Background: In all industrialized countries, injuries constitute the primary public health problem during adolescence; study of long-term outcome of injuries to adolescents remains poor.
Population and methods: A longitudinal epidemiological study performed on 8,140 students in 17 secondary schools in Paris and the Department of the Côte-d'Or followed the development over one year of 777 adolescents who had injuries in 1990. All injuries, both within and outside school, were included if they fulfilled the following criteria: school absence or excused from vocational training exceeding or equal to 2 days, or excused from physical education classes for at least 14 days.
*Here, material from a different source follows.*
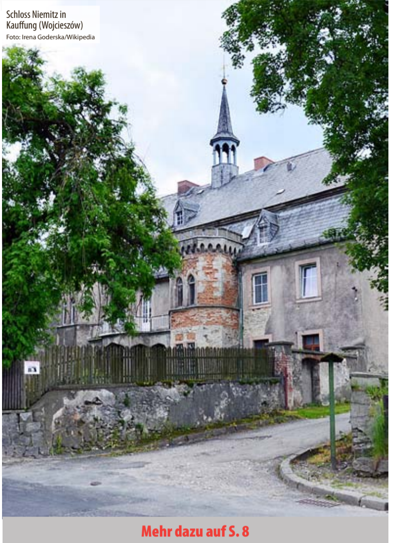
Schloss Niemitz in Kauffung (Wojcieszów)

Results: One year after the injury, 13% of the adolescents were still bothered by their injury, especially those who were older and the girls. Among described impairments, musculo-skeletal problems (88% of cases) were the major difficulty. These impairments were primarily in the lower limbs (53%). Unaesthetic scars were found in 17% of cases, and a psychological impact was found in 16.5% of the adolescents. The presence of sequelae was related to the type of initial lesion (present in 24% of head injuries and in 16% of cases affecting the lower limbs). The most serious difficulties were caused by dislocations, serious sprains and fractures. One year after the injury, sequelae were serious in 10% of those adolescents still experiencing problems; they had some impact on the daily life of the adolescents in 36% of cases, that is, 5% of all adolescents experiencing an injury. These sequelae were responsible for a high level of consumption of medical services.
Conclusions: Although observed sequelae were relatively minor, the high frequency of injuries during adolescence, as well as their high economic costs, justify the most appropriate care available for victims of injuries, even those which appear benign. In addition, longitudinal studies should be prepared using adapted tools (scales for the evaluation of the gravity of injury sequelae).